The rule key format depends on whether the file area belongs to a network domain.

Network areas (recommended): TAG@DOMAIN

Always use TAG@DOMAIN for file areas linked to a network domain. The processor looks up rules by constructing TAG@DOMAIN from the file's actual domain at runtime, so the match is exact. Two networks can share the same area tag (e.g. NODELIST@fidonet and NODELIST@fsxnet) and each will only trigger its own rules.

"area_rules": {
  "NODELIST@fidonet": [
    {
      "name": "Import FidoNet Nodelist",
      "pattern": "/^NODELIST\\.(Z|A|L|R|J)[0-9]{2}$/i",
      "script": "php %basedir%/scripts/import_nodelist.php %filepath% %domain% --force"
    }
  ],
  "NODELIST@fsxnet": [
    {
      "name": "Import fsxNet Nodelist",
      "pattern": "/^NODELIST\\.[0-9]{3}$/i",
      "script": "php %basedir%/scripts/import_nodelist.php %filepath% %domain% --force"
    }
  ]
}

Individual rules within a TAG@DOMAIN group do not need a domain field — it is redundant.

Local areas: TAG

For file areas that are not linked to any network domain, use the plain tag:

"area_rules": {
  "LOCAL_FILES": [
    {
      "name": "Scan uploaded files",
      "pattern": "/.*$/",
      "script": "php %basedir%/scripts/scan_file.php %filepath%"
    }
  ]
}

Rule Fields

• name (string): Human-friendly description.
• pattern (string): PHP regex used to match filename.
• script (string): Command to execute when the rule matches.
• success_action (string): Action(s) when script exits with code 0.
• fail_action (string): Action(s) when script exits non-zero or times out.
• enabled (bool): Toggle rule execution.
• timeout (int): Script timeout in seconds.
• domain (string, optional): Restricts the rule to a specific domain. Only useful under a plain TAG key — when using TAG@DOMAIN keys this field is redundant and can be omitted.

Actions

Actions can be chained with + and are executed in order:

• delete - Delete file from disk and database.
• keep - No change (useful for explicit “do nothing”).
• notify - Send a sysop netmail notification.
• move:TAG - Move file to another file area.
• archive - Move file to data/archive/<AREATAG>/ and mark as archived.
• stop - Stop processing any remaining rules.

Macros

Macros are replaced before executing the script:

• %basedir% - Application base directory
• %filepath% - Full path to file
• %filename% - Filename only
• %filesize% - File size in bytes
• %domain% - File area domain
• %areatag% - File area tag
• %uploader% - Uploader address or username
• %ticfile% - Path to associated TIC file (if available)
• %tempdir% - System temp directory

Logging

Rule execution logs are written to:

• data/logs/filearea_rules.log (configurable via FILEAREA_RULE_ACTION_LOG)

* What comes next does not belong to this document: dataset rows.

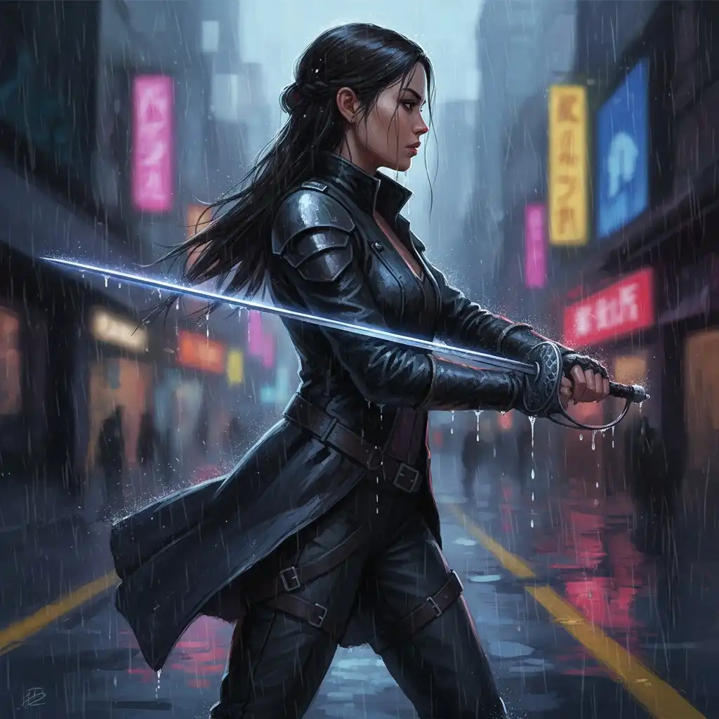 A slim, single-bevel sword with a reinforced spine and monomolecular cutting face. The tang nests in a carbon grip with microtexture for wet-weather control. A low-profile scabbard mounts horizontally for quick draws. The blade hums faintly when aligned, a cue used by Ayesha Aamir to time ripostes in street duels around the Chrome Arc.
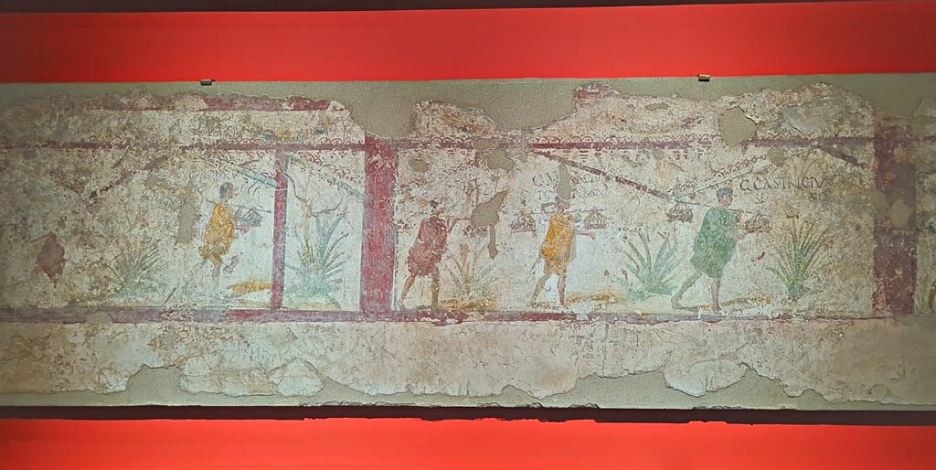 I.8.15 Pompeii. March 2024. Painted panel, on display in exhibition in Palaestra, entitled -
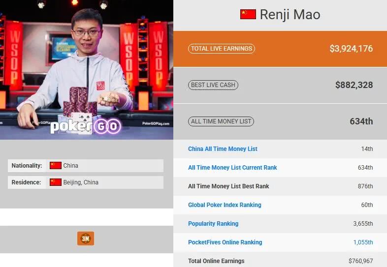 更别提Triton济州站30K 8人桌豪客赛,3月的时候茅人及先拿了个第3名,收下个人职业生涯最高奖励737万刀。
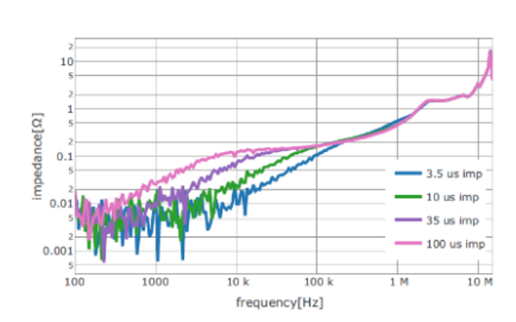 ISO7637-2标准规定,在试验中所使用的电源的内部阻抗在DC~400Hz时为「10mΩ以下」。另外,相同标准中还规定,Pulse2b为「0Ω~0.05Ω」,Pulse4为「0Ω~0.02Ω」。

Debug logging can be enabled with:

• FILE_ACTION_DEBUG=true

Debug logs are written to:

• data/logs/file_action_debug.log

Admin UI

The rule configuration editor is available at:

• /admin/filearea-rules

Changes are saved through the admin daemon.

Notes

• Rules are applied after virus scanning.
• Infected files are rejected and will not run rules.
• Rule processing runs for both user uploads and TIC imports.